Yup...best candidate so far.


----------



## 8433jeff (Feb 7, 2011)

Says the first nominee...


----------



## RandyMac (Feb 7, 2011)




----------



## Metals406 (Feb 7, 2011)

Another vote here for Patty (slowp). . . As long as she wants to do it.:msp_thumbup:


----------



## SWE#Kipp (Feb 7, 2011)

From the persons mentioned so far my vote goes to Slowp :msp_thumbsup:


----------



## Metals406 (Feb 7, 2011)

Another thought Darin. . . Growing up with a logger dad, logger uncles, logger cousins, and logging myself -- I have a pretty good idea about the atmosphere. Logging is a man's sport (nothing against the ladies). It rough, gruff, and not for sissies.

The language used is rough, tough, and not for the faint of heart. I learned some of my best "curse" words on a logging side. Good, bad, or indifferent, that's the way it is.

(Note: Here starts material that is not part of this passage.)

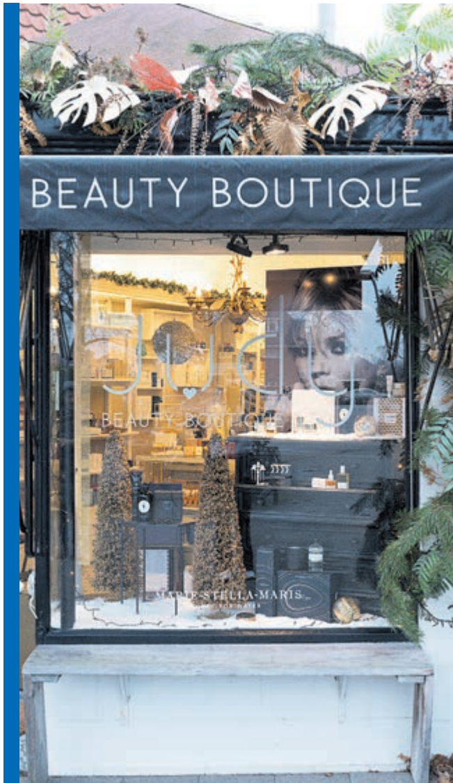
Voor de mooiste en originele beauty cadeaus ga je naar Judy Beauty Boutique.

As such, the folks involved are often used to, and use such language, jokes, and terms that may be considered by some to be "off color". Heck, a lot of the equipment and tools used in logging even has "crude" names.

Perhaps it would be easier to Pass Lock the Logging and Forestry forum, just as the OT is. The OT forum has a warning before folks go in, so they do so with both eyes open. 

It would make moderation easier for sure, and allow loggers to be who they are, speak their mind, and not walk on egg shells. I'm not saying this as to give people license to blatantly break forum rules. . . But I do believe it would be a good step forward. My 2 ¢


----------



## RandyMac (Feb 7, 2011)

You are already on the hook Nate. 

slowp is a reasonable person, so is Nate, get 2dogs onboard and we are set.

I would be happy to do it, I am not always reasonable, not the best first choice.

I deal with thugs, felons, knife murderers and meth maggots at work. I want to spent my time here among my kind of people.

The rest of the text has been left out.